__Exercise__: Return exactly, and only, the lines from the line containing "Holistic Haven offers" through the final line of the records below, both included.

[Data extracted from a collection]
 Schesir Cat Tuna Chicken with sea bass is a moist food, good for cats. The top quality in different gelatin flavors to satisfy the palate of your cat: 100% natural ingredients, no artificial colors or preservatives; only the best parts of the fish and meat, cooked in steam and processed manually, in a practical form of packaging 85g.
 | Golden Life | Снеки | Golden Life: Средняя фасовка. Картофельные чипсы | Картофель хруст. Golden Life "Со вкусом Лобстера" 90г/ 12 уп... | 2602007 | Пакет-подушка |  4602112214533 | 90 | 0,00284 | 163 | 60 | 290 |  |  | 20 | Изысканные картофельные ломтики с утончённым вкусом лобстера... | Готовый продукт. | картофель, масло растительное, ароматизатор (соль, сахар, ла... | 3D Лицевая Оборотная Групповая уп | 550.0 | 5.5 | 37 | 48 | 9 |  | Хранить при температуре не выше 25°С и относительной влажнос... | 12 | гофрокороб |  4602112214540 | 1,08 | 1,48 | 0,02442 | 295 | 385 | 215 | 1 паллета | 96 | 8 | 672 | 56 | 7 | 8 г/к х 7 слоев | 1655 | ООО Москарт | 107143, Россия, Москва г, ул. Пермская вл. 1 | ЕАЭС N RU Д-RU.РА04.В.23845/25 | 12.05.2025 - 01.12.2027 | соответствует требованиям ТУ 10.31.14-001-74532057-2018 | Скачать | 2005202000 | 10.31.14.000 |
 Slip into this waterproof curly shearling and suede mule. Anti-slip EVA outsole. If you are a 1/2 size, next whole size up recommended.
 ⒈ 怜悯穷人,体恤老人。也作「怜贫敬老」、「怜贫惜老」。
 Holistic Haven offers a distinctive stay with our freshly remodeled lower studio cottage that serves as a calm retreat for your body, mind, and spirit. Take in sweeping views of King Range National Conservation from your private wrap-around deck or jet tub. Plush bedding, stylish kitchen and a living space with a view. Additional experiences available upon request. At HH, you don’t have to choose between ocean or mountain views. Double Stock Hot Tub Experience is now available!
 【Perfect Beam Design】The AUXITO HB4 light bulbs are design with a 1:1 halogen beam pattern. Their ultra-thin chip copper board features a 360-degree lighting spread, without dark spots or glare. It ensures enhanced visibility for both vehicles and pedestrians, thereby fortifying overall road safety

__Task solution__:
 Holistic Haven offers a distinctive stay with our freshly remodeled lower studio cottage that serves as a calm retreat for your body, mind, and spirit. Take in sweeping views of King Range National Conservation from your private wrap-around deck or jet tub. Plush bedding, stylish kitchen and a living space with a view. Additional experiences available upon request. At HH, you don’t have to choose between ocean or mountain views. Double Stock Hot Tub Experience is now available!
 【Perfect Beam Design】The AUXITO HB4 light bulbs are design with a 1:1 halogen beam pattern. Their ultra-thin chip copper board features a 360-degree lighting spread, without dark spots or glare. It ensures enhanced visibility for both vehicles and pedestrians, thereby fortifying overall road safety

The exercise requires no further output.